Chitosan does not reduce post-prandial urinary oxalate excretion

Chitosan is a positively charged non-absorbable cellulose-like fibrillar biopolymer derived from shellfish which forms films with negatively charged surfaces. We hypothesized that negatively charged oxalate in the intestinal lumen could attach to the positively charged tertiary amino group of chitosan. We studied the effects of chitosan on intestinal oxalate absorption by measuring urinary oxalate excretion following an oral oxalate load with and without accompanying oral chitosan. The subjects consumed a fixed diet and collected urine for 24 h, in divided periods, during control and experimental protocols. Urine was collected with HCl and thymol as a preservative. For the control period, the subjects consumed an oxalate load, 50 g of cooked spinach, with water for lunch; the post-prandial urine collection was divided into three periods of 2 h. For the experimental period, 1 week later, the subjects consumed the same diet as that during the control period, but added 2 g of chitosan to the oxalate load. Post-prandial urinary oxalate excretion was expressed as mg oxalate/g creatinine.
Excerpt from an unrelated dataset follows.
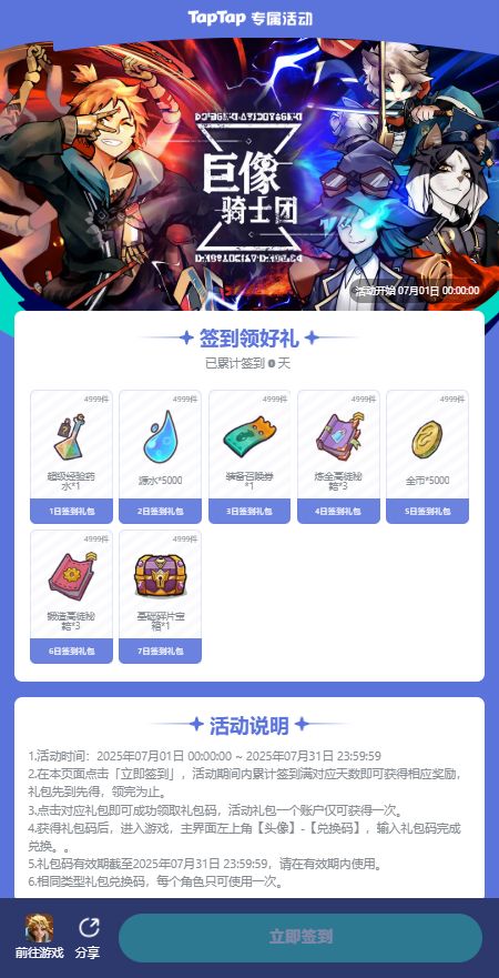 亲爱的镇长大人们!7月签到领福利社区活动即将于7月1日正式开启!欢迎大家前往《巨像骑士团》TapTap游戏详情页参与活动~7月签到领福利签到时间:7月1日0:00至7月31日23:59参与方式:《巨像骑士团》TapTap签到活动页面签到地址:或者前往《巨像骑士团》TapTap游戏详情页的“活动与公告”选项处找到“签到”,点击前往活动页面。活动期间内,累计签到满对应天数即可获得相应奖励

The spinach load was associated with a significant post-prandial increase in urinary oxalate during the control period of 25.7+/-12.8 mg/g creatinine. Accompanying the oxalate load with chitosan was well tolerated. There was no decrease in post-prandial urinary oxalate excretion during the experimental period: oxalate excretion rose by 31.3+/-16.9 mg/g creatinine (P=0.57, NS). We conclude that chitosan does not reduce acute intestinal oxalate absorption and therefore does not affect post-prandial urinary oxalate excretion.